Artificial Intelligence
Which AI systems must meet which requirements starting in August.
July 31, 2025
With the AI Act, the EU has set in motion comprehensive regulation for artificial intelligence: Since February, AI systems that are used for manipulation purposes or otherwise threaten fundamental rights have been categorically banned. At the beginning of August, the next stage of implementing the AI Act now ignites. Which AI systems are affected by this, which requirements they must meet and how the AI Act continues afterwards is explained by Thora Markert, AI expert at TÜVIT.
#explore: Ms. Markert, on August 2, the implementation of the EU's AI Act enters the next phase. What changes?
Thora Markert: From this date, the requirements for so-called General-Purpose AI systems (short: GPAI) come into force. For systems that have a general purpose, can fulfill very many tasks at once and could therefore have a very large impact on society as a whole. This includes large language models like ChatGPT, Gemini from Google or Llama from Meta, but also AI systems that can generate images.
What requirements must the providers of such systems fulfill in the future?
All providers of such GPAI models must register with the EU, create detailed technical documentation of the model and make it available to the supervisory authority upon request. The EU's primary goal is to make these systems more transparent for supervisory authorities and users: The providers of such an AI system must, among other things, disclose the origin of the training data, as well as the computing resources used and energy consumption – so it's also about the sustainability of these systems. Users must be informed in an understandable way about the capabilities and limitations of the system. So it must become clear what errors this AI could produce. Particularly important: AI-generated images, videos, audios or texts must be clearly marked as such, for example through a watermark. Practical guidelines for implementing legal obligations are provided by the recently published General-Purpose AI Code of Practice. It contains concrete explanations on how the requirements for GPAI models regarding transparency, copyright and safety & security can be met.
The AI Act distinguishes a further level for these general-purpose AI: GPAI models with systemic risk. What's behind this?
This category includes models that reach a certain threshold of computational operations or meet other criteria – those that are used by very many users, have a very broad application area and can thus have harmful effects on society, democracy, economy or fundamental rights of EU citizens. Therefore, they must fulfill even more and stricter requirements: The providers must intensively test their model and prove these tests to the EU; they must identify and mitigate possible system risks and also implement adequate cybersecurity measures. Because if such systems were hacked and manipulated, this could cause great damage to society as a whole. In addition, the providers must operate comprehensive governance of their systems. This means they must document in detail how the development and training took place, which data was used and how the system is further trained and updated.
And which AI systems fall into this category, so have a systemic risk?
These are definitely the mentioned large language models like ChatGPT and Gemini. Smaller language models with fewer parameters and capabilities do not fall into this category. Some aspects of the AI Act will only crystallize more precisely through further implementation and practical experience.
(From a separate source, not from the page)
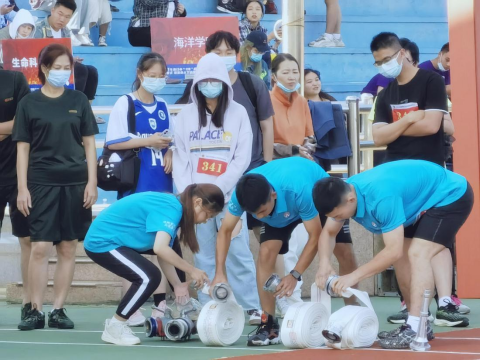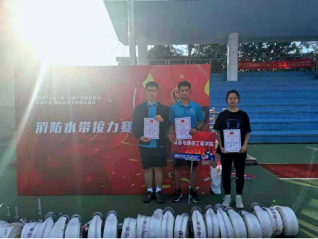 2021年11月9号下午,海口市119消防宣传月启动仪式暨海南大学消防运动会于在海南大学第一田径运动场正式开幕。此次运动会共设有消防水带接力赛、竞速运水灭火、着装灭火、水带收整极速大比拼、现场救援竞赛、携带水带折返跑等六个比赛项目,海南大学35个参赛队400余名参赛队员进行了激烈角逐。我院派出由学院工会委员王萍老师当领队的教职工代表队和学生代表队共10人参加了本次活动。经过激烈的角逐,我院代表队最终获得消防水袋接力赛第1名和团体总分第4名的好成绩。

One must therefore look very closely at each individual system to see whether it poses a systemic risk and has to fulfill the corresponding requirements.
What are the consequences of violations?
Violations can be punished with up to 35 million euros or seven percent of worldwide annual turnover. So we're talking about considerable sums here. We support companies in clarifying the question of to what extent they are affected by the AI Act and which requirements they must fulfill if they are providers or users. If you use AI in the company, you are obligated to train employees in dealing with these systems.
How does the implementation of the AI Act continue?
The next stage takes effect next year: From August 26, 2026, high-risk systems will also be covered by the AI Act. However, these are only systems that are not already regulated by other EU directives: for example biometric systems, AI systems used in critical infrastructure, for border control or in asylum procedures, and AI applications that automatically screen applications, as these can disadvantage people. But general-purpose AI systems can also be classified as highly critical and must then additionally fulfill the requirements for this AI class: Providers must, for example, implement AI (risk) management that covers the application over its complete lifecycle, and have the robustness and security of the systems tested by independent third parties like TÜVIT if necessary. In the final stage from August 2027, the AI Act finally also covers high-risk systems that already fall under other EU regulations: for example medical devices, applications for aviation, shipping and aerospace, elevators, electronic toys and networked machines for Factory 4.0.
When the rapid triumph of general-purpose AI began with ChatGPT from the end of 2022, the development of the AI Act was already very far advanced. Can one say that the EU reacted extraordinarily quickly to the new development here?
Absolutely! The paragraphs on these GPAI models were incorporated into the latest drafts of the AI Act. The EU reacted quickly here and also took into account the dynamic technological development in this field in the design of the AI Act: The AI Act is deliberately designed to be non-static. It should keep regulatory pace with development, be adapted and expanded as needed to also capture possible new AI systems and developments. The EU is currently building up a large team of independent AI experts to both advise the Commission on implementing the AI Act and alert it to new risks.